Seit der Rückgabe der Kronkolonie an China am 1. Juli 1997 ist die offizielle Bezeichnung für Hongkong „Sonderverwaltungsregion Hongkong der Volksrepublik China”. Hongkong soll für eine Dauer von mindestens 50 Jahren ein eigenes Rechts-, Gesellschafts- und Wirtschaftssystem beibehalten; China übernimmt die Verantwortung für auswärtige Angelegenheiten und die Verteidigung. Neuer Regierungschef Hongkongs wurde am 1. Juli 1997 der von China bestimmte Reeder Tung Chee-hwa. Teile der Bevölkerung sahen der politischen, wirtschaftlichen und sozialen Zukunft Hongkongs mit Sorge entgegen; die jährliche Auswanderungsrate lag zeitweise bei durchschnittlich 60 000 Personen.
Bei den Wahlen des Legislativrates im Mai 1998 setzten sich die prochinesischen Parteien durch. Von den 60 Abgeordneten wurde nur ein Drittel direkt vom Volk gewählt. 140 000 Vertreter von Berufsgenossenschaften bestimmten weitere 30 Parlamentsmitglieder, ein 800 Mitglieder zählendes Komitee die restlichen zehn Abgeordneten. Insgesamt waren rund 2,8 Millionen Wahlberechtigte zur Stimmabgabe aufgerufen.

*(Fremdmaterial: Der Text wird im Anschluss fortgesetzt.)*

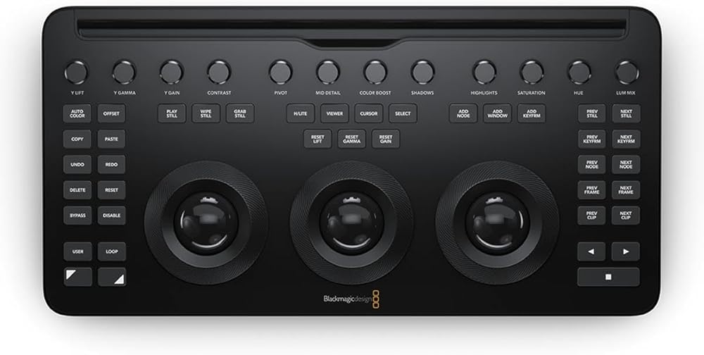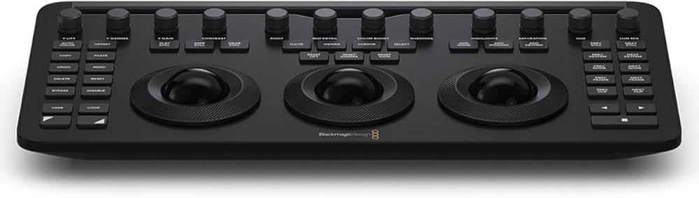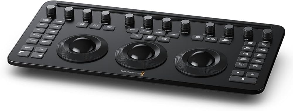 The Blackmagic Design DaVinci Resolve Micro Color Panel is a compact yet powerful color panel that gives you all the control you need to create cinematic images. The Micro Panel features a row of direct control knobs at the top of the panel, three trackballs with rings for color grading, and transport keys to speed up your grading session. Includes controls for refined color grading including adding windows and a tablet slot designed to hold an Apple iPad. Connects via Bluetooth or USB-C. DaVinci Resolve is the world's only solution that combines editing, color correction, visual effects, motion graphics, and audio post-production all in one software tool. Its elegant, modern interface is fast to learn and easy for new users, yet powerful for professionals. DaVinci Resolve lets you work faster and at a higher quality because you don't have to learn multiple apps or switch software for different tasks. That means you can work with camera original quality images throughout the entire process. It's like having your post-production studio in a single app. Best of all, by learning DaVinci Resolve, you're learning how to use the same tools used by Hollywood professionals.

Bei den Wahlen im Oktober 2000 konnte die oppositionelle Demokratische Partei 15 der nun 24 zur Direktwahl freigegebenen Mandate erringen. Die übrigen gingen an die prochinesische Demokratische Allianz des amtierenden Regierungschefs Tung Chee-hwa sowie an Kandidaten der Wirtschaft. 2002 wurde Tung Chee-hwa von einem Wahlmännergremium für eine weitere fünfjährige Amtszeit im Amt bestätigt. Die Wahlen im September 2004 gewannen erneut die prochinesischen Parteien und Kandidaten, die zusammen auf 34 der insgesamt 60 Mandate kamen; zwölf ihrer Abgeordneten wurden direkt vom Volk gewählt. Die restlichen 18 der nun insgesamt 30 für die Direktwahl zur Verfügung stehenden Mandate gewannen die oppositionellen demokratischen Kräfte; mit insgesamt 25 Sitzen blieben sie jedoch weit hinter ihren Erwartungen zurück.
Im März 2005 trat Tung Chee-hwa als Chef der Exekutive zurück, offiziell aus gesundheitlichen Gründen, tatsächlich aber wohl aufgrund wachsender Kritik an seiner Amtsführung sowohl in Hongkong selbst als auch seitens der chinesischen Regierung. Es war ihm nicht gelungen, die Verhältnisse in Hongkong stabil zu halten. Vielmehr hatte er mit seinem Unvermögen, den Auswirkungen der Asienkrise auf Hongkong wirksam zu begegnen oder angemessen auf die SARS-Epidemie zu reagieren, nicht nur Proteste gegen seine Regierung provoziert, sondern auch ein Anwachsen der demokratischen, antichinesischen Opposition. Und das wiederum lief den Erwartungen der chinesischen Regierung zuwider. Tung Chee-hwas Nachfolger wurde – zunächst kommissarisch, ab Juli 2005 formell – Donald Tsang, bisher Chefminister in der Hongkonger Regierung und Stellvertreter Tung Chee-hwas. Eine von Tsang initiierte Verfassungsreform, die etwa durch die Vergrößerung des Wahlkomitees für den Chef der Exekutive und durch die Erhöhung der Anzahl der direkt gewählten Abgeordneten die demokratischen Elemente etwas stärken sollte, scheiterte an der Ablehnung durch den Legislativrat: Die oppositionellen Demokraten stimmten gegen die Reform, da sie zu unverbindlich war und ihnen nicht weit genug ging. Im März 2007 wurde Tsang mit großer Mehrheit vom Wahlkomitee als Chef der Exekutive bestätigt.